1. A method for caching large language model key values, comprising: Collecting key value state vectors of N target layers of a large language model after a preset initial layer, wherein N is an integer greater than 1; decomposing each key value state vector to obtain a corresponding direction component and amplitude component; Dividing the N target layers into at least one pair of adjacent target layers according to a hierarchy adjacent relation, and interpolating and combining two direction components of the adjacent target layers aiming at any pair of adjacent target layers to obtain a combined vector corresponding to the adjacent target layers; And forming a shared state vector by the merging vector of the adjacent target layer and the two amplitude components of the adjacent target layer, and writing the shared state vector of all the connected target layers into a cache.
2. The method for caching large language model key values according to claim 1, wherein interpolating and merging two direction components of the adjacent target layer to obtain a merged vector corresponding to the adjacent target layer, includes: calculating a direction included angle between a direction component of a preceding target layer and a direction component of a following target layer in the adjacent target layers; according to the direction included angle, interpolating the direction component of the previous target layer and the direction component of the next target layer in the adjacent target layers to obtain a rotary transformation matrix of the two direction components along the shortest path on the unit sphere; the rotation transformation matrix is determined as a merging vector corresponding to the adjacent target layer.

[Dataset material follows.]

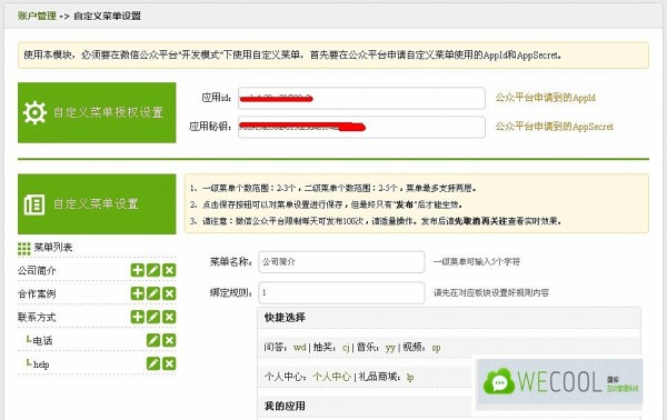近日,微庫又配合微信5.0上線了一批新功能,其中就包括自定義菜單編輯模塊。在注冊微庫平臺后,企業(yè)只需要提供申請服務(wù)號所得的應(yīng)用ID和密鑰,即可在微庫的自定義菜單模塊,為服務(wù)號實現(xiàn)輕松設(shè)置自定義菜單,提高與客戶的運(yùn)營交互效果,讓顧客養(yǎng)成習(xí)慣,在固定時間來看新品、看優(yōu)惠。

3. The method for caching large language model key according to claim 1, further comprising, after said writing the shared state vectors of all connected target layers into the cache: When the original key value state vector is detected to be used, recovering the shared state vector in the cache; The recovery operation includes: performing inverse transformation on the merging vectors in the shared state vector to obtain a first direction component of a previous target layer and a second direction component of a subsequent target layer; Rescaling the first direction component using an amplitude component of a preceding target layer in the shared state vector to obtain a restored key value state vector of the preceding target layer; and rescaling the second direction component by using the amplitude component of the later target layer in the shared state vector to obtain the restored key value state vector of the later target layer.

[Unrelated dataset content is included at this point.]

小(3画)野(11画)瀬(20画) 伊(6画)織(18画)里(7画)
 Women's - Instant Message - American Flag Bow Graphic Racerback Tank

4. A method for caching large language model key values according to any one of claims 1 to 3, further comprising, before said interpolating and merging two direction components of said adjacent target layer to obtain a merged vector corresponding to said adjacent target layer: for any token, calculating the difference degree of two key value state vectors of the token in the adjacent target layer; and if the difference degree meets a preset condition, performing interpolation and combination on the two direction components of the adjacent target layers to obtain a combination vector corresponding to the adjacent target layers.
5. The method of claim 4, wherein calculating the degree of difference between two key state vectors of the token at the adjacent target layer comprises: Calculating the angular distance between two key value state vectors of the token in the adjacent target layers; comparing the angular distance with a preset distance threshold value to obtain a comparison result; determining a difference degree according to the comparison result, and if the comparison result shows that the angular distance is larger than the preset distance threshold value, determining that the difference degree does not meet a preset condition; and if the comparison result shows that the angular distance is not greater than the preset distance threshold, determining that the difference degree meets the preset condition.
6. The method for caching large language model key values according to claim 4, further comprising, after said calculating a degree of difference between two key value state vectors of said token at said adjacent target layer: If the difference degree does not meet the preset condition, constructing indexes of the token and two key value state vectors of the token at the adjacent target layer, and not executing merging operation on the two key value state vectors, wherein the indexes are used for writing the corresponding key value state vectors into the restored state vectors when restoring the shared state vectors in the cache; and executing merging operation on other adjacent target layers or other token.
7. The method for caching large language model key as defined in claim 6, further comprising, after said writing the shared state vectors of all connected target layers into the cache: When the original key value state vector is detected to be used, carrying out recovery operation on the shared state vector of each token in the cache along the token sequence to obtain a recovered state vector sequence; And writing the key value state vector which does not execute the merging operation into the recovered state vector sequence according to the index to obtain a final state vector sequence.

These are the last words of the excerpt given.